People have a profound need to feel valued and if the culture and society don’t provide an opportunity for this to find expression, then it will find an outlet in another way. Why was Michael Gove, the lover of traditional educational values, so quick to dismiss the opinion of experts over Brexit during the referendum campaign? He was telling voters who felt let down, excluded, that their opinion is as valuable as the ‘experts’ also known as ‘the elite.’ The message is that you don’t need an education to understand difficult, complex economic issues. You know what you believe and that is good enough. Except it isn’t. It is deceptive and dishonest. Schooling does not make you a better person or a decent human being, but you do need knowledge and education to succeed in today’s society. Implying you do not, is an attempt to cover up and divert attention from the weaknesses of an education system that has failed to provide a good enough education for all. The ability to question and think critically is fundamental to a decent, democratic society. If knowledge is power then this power needs to be shared as widely as possible. Aaron Sorkin, who wrote the West Wing, said that what worried him the most was the ease with which people had come to disbelieve what was probably accurate in favour of what was patently false.

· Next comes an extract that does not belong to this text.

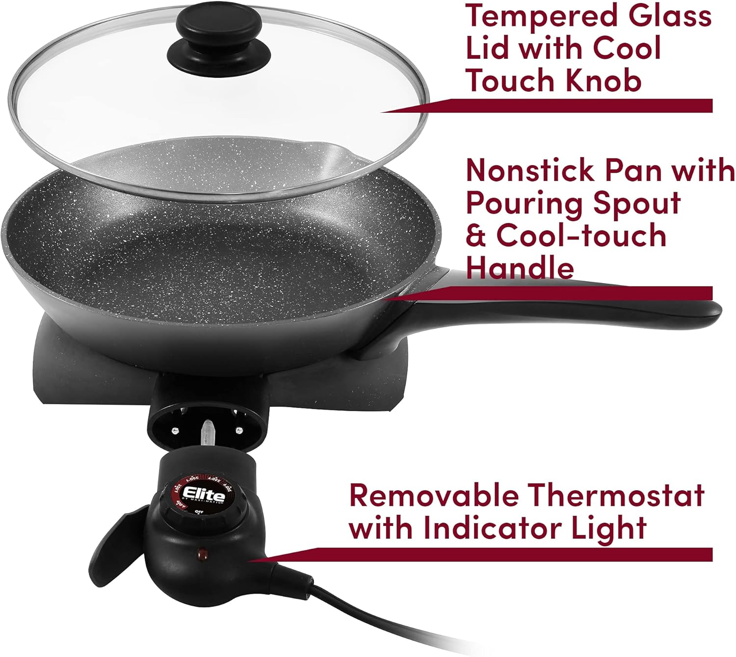 - SAFETY TESTED ETL listed 1000-1200 Watt/120V electric skillet is ideal for home kitchen use. The Elite Gourmet Nonstick Fry Pan Electric Skillet includes Base with Pour Spout, Removable Thermostat, Tempered Glass Lid and Instruction Manual with Recipes!
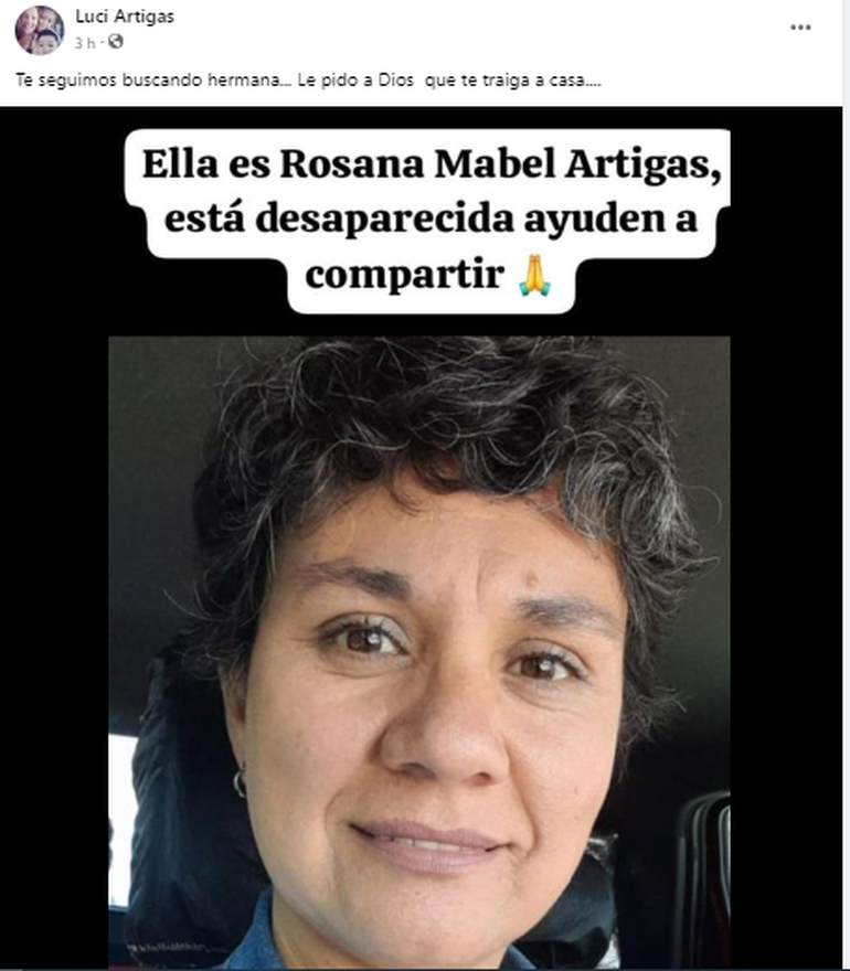 El posteo de su muro de Facebook reveló también la identidad de José Fernández, la ex pareja de Rosana y principal sospechoso de su desaparición. "Queremos que aparezca con vida mi hermana. Por favor gente...pasamos la noche en la comisaría y no hay novedades", indicó la hermana, desesperada.

People, as I have said previously, need to feel important, need to feel they are significant. I have noticed that my clients who most strongly believe in conspiracy theories, often feel relatively marginalised and powerless. The strong pull of the conspiracy theory is that you are part of the ‘privileged’ few who ‘know’ what really happened. It is a powerful illusion to believe you have the truth about who killed President Kennedy, murdered Princess Diana, or flew planes into the twin towers.